It doesn't re-establish what made The Bourne Identity good, but it is a quality non-stop thrill ride. The action sequences aren't repititious or limited like in Supremacy, but intricate and well thought out here. The film kept surprising me with new twists and details to the action. Nothing was too overblown or ridiculous, but tightly focused and a lot of fun.
I think this is the movie Live Free or Die Hard wanted to be, a continuous amount of action scenes for just a good time. Of course Die Hard had the dumbest overblown ideas and didn't even tie the action scenes into the story. Ultimatum managed to have multiple storylines mixed into the action, like when Bourne is evading police by jumping roof tops while trying to locate and save Nikki from an assasin.
The film didn't try to do too much. It just is what it is. I expected a melodramatic ending with Bourne getting his freedom but it ended a much subtler note.
As a sidenote, I hope this isn't the end. The film suggested there was a backstory between Bourne and Nikki. It should resolve that.
I agree with everything GT said, expect that Die Hard and this are completely different movies. Die Hard is a little absurd on purpose and this one stays more within realistic possibilities (even though at some points goes borderline).
This was for sure one of the best summer movies, and probably the best sequel of the year (which wasnt too hard to accomplish). I was excited and entertained and happy every minute of it.
SPOILERS
I loved the action scenes and how the story came together. I was wondering how they were going to match the ending of the 2 with how this one started but it was all perfect. The Nikki/Bourne thing was cool and I liked that they left it there. The ending was excellent... when the music started playing I wanted to jump.
I dont know how soon there will be another one, but I know somebody now took over the writing for the new Bourne books. If they write more books they will probably make more movies. I hope Damon is on board because he is impressive and great in this role. He is a badass Jack Bauer / James Bond character.
I'm with GT. This was very good. It keeps the consistancy of the character and series, making for a great bookend for the trilogy (if it does end here).

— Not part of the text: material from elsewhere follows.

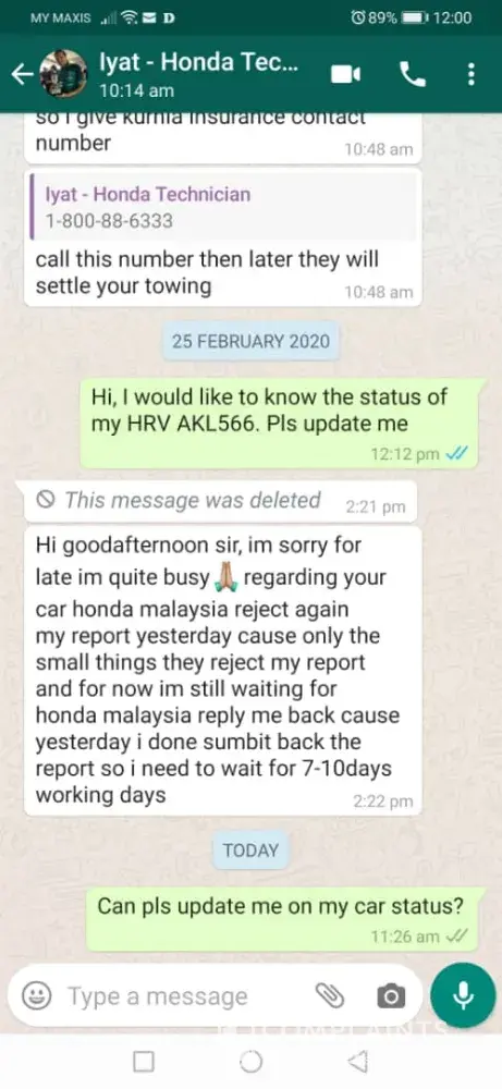 6) What kind of warranty service is honda giving to its customers? We already followed the required rules of warranty which is to require the car to be serviced only by honda appointed service centres & which we met that requirement. Then, when we request for a temporary car we are denied any due to many reasons. Do you know how much of losses incurred to me each and every day without a car to move about? If this is going to go on further and delay my car repair works, I am going to tell everyone in the media social how poor quality honda cars are and also to discourage people from buying but go for Toyota cars instead.
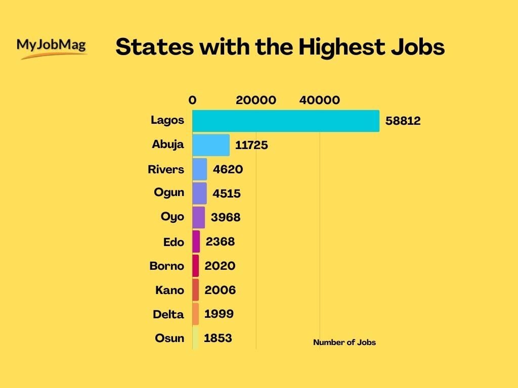 Lagos continues to dominate Nigeria’s job market, hosting more than 50% of all job openings. While Abuja accounts for about 11%, Rivers and Ogun states each contributed roughly 4%. Most northern and less urbanised states collectively accounted for less than 1% each, showing that job opportunities remain highly concentrated in major cities.

My only gripe is, like the tunnel chase of Supremacy, the jumpy, bouncy handheld camera work in some of the chases is just way too disorienting and distracting.
Quote from: MacGuffin on August 05, 2007, 11:30:51 AM
My only gripe is, like the tunnel chase of Supremacy, the jumpy, bouncy handheld camera work in some of the chases is just way too disorienting and distracting.
I don't like Greengrass as a director. It's fine if he wants to build tension, but his camera tricks become nauseating.
I wish the film would have built to a little more instead of repeating many of the themes of the second movie. What we're left with is a very, very long chase sequence. Nothing more.
And they even used old faithful.
"You have no idea what you're dealing with!"
It had the biggest August opening ever (70M) and a lot more than the other Bourne films... so probably the 4th one is already in pre-production starting tomorrow... I wonder when the book comes out.
Quote from: The Red Vine on August 05, 2007, 11:50:28 AM
Quote from: MacGuffin on August 05, 2007, 11:30:51 AM
My only gripe is, like the tunnel chase of Supremacy, the jumpy, bouncy handheld camera work in some of the chases is just way too disorienting and distracting.
I don't like Greengrass as a director. It's fine if he wants to build tension, but his camera tricks become nauseating.
I actually blame the Second Unit Director:
According to Bradley, the real secret to avoiding action that looks staged in the "Bourne" films is rehearsing a great deal then going for a chaotic and frenetic blend of action. "I tell my camera department that I really want to feel lucky that I got to see the moment," said Bradley, who, as second unit director, typically runs a second unit camera crew. "I don't want them putting the cross hairs on the action and panning on the scene perfectly. I would rather feel like it's going so fast and furiously that it's really hard to keep in the frame. The hard part is that camera guys train their entire careers not to do that. They train to make it smooth and perfect. I just go in and tell them to 'F it up more.' "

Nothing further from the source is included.